Strategies to lower fibroblast growth factor 23 bioactivity

Abstract

Fibroblast growth factor 23 (FGF23) is a circulating hormone derived from the bone whose release is controlled by many factors and exerts a multitude of systemic actions. There are congenital and acquired disorders of increased and decreased FGF23 levels. In chronic kidney disease (CKD), elevations of FGF23 levels can be 1000-fold above the upper physiological limit. It is still debated whether this high FGF23 in CKD is a biomarker or causally related to morbidity and mortality.
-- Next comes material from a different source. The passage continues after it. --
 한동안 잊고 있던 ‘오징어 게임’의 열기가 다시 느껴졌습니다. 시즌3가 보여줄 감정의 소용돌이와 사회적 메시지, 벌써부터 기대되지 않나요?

Data from human association studies support pathogenicity, while experimental data are less robust. Knowledge of the biology and pathobiology of FGF23 has generated a plethora of means to reduce FGF23 bioactivity at many levels that will be useful for therapeutic translations. This article summarizes these approaches and addresses several critical questions that still need to be answered.
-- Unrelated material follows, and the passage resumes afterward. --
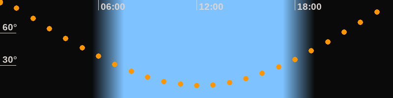 | Höchster Stand (Kulmination) | 00:09 Uhr (h = 89,7°) |

Keywords: CKD; FGF23; Klotho; chronic renal failure; mineral metabolism.

FIGURE 1

Production and action of endocrine FGF23 and strategies to lower FGF23 bioactivity. 1. Reduce production. Achieved by reduction of P intake and absorption (see Figure 2) and pharmacologically by calcimimetics. 2. Inhibit glycosylation of newly synthesized FGF23 by small molecules. Glycosylation of FGF23 by GALNT3 (UDP-N-acetyl-alpha-D-galactosamine: polypeptide N-acetylgalactosaminyltransferase 3) protects FGF23 from cleavage by furin proprotein convertase (PPC). Inhibition of GALNT3 results in accelerated FGF23 cleavage and clearance. 3. Neutralizing antibodies to circulating FGF23 reduce circulating active FGF23 4. Exogenous C-term fragment of FGF23 competitively blocks full-length FGF23 on-target action on the FGFR1–Klotho coreceptors (see Figure 3). 5. FGFR4 inhibitors block the off-target effects of FGF23 on FGFR4. 6. Pan-FGFR inhibitors block FGFR1–Klotho coreceptor complex and the other FGFRs.

FIGURE 2

Lowering FGF23 by decreasing P load. P is ingested as organic or inorganic (additive to natural diet) forms. P is released by luminal phosphatases and absorbed via paracellular and transcellular routes. 1. Dietary restriction of total P intake or P modification, switching from high to low bioavailable P (from inorganic to organic P). 2. Luminal P binders can be divalent metal (Ca²⁺, Mg²⁺ and Fe²⁺), trivalent metal (Al³⁺ and La³⁺) and anion exchange polymers. 3. Inhibition of transcellular transport by direct or indirect inhibition of NaPi-2b. 4. Blocking paracellular transport is achieved by lumen-restricted inhibition of apical NHE3 with secondary effects on paracellular permeability.

FIGURE 3

Structural basis of the antagonistic action of FGF23 C-terminus. FGF23 is naturally cleaved by the furin PPC (left). FGF23 engages the FGFR1–Klotho coreceptor complex and activates signalling. The natural C-terminal tail of FGF23 (C-term) or shorter minimal binding regions of the C-term binds to the Kl1 and Kl2 domains on Klotho but not FGFR1 and does not activate FGF23 signalling and bioactivity. Molar excess of C-term functions as a specific blocker of FGF23 action on FGFR1–Klotho. Images derived from Chen et al. [42].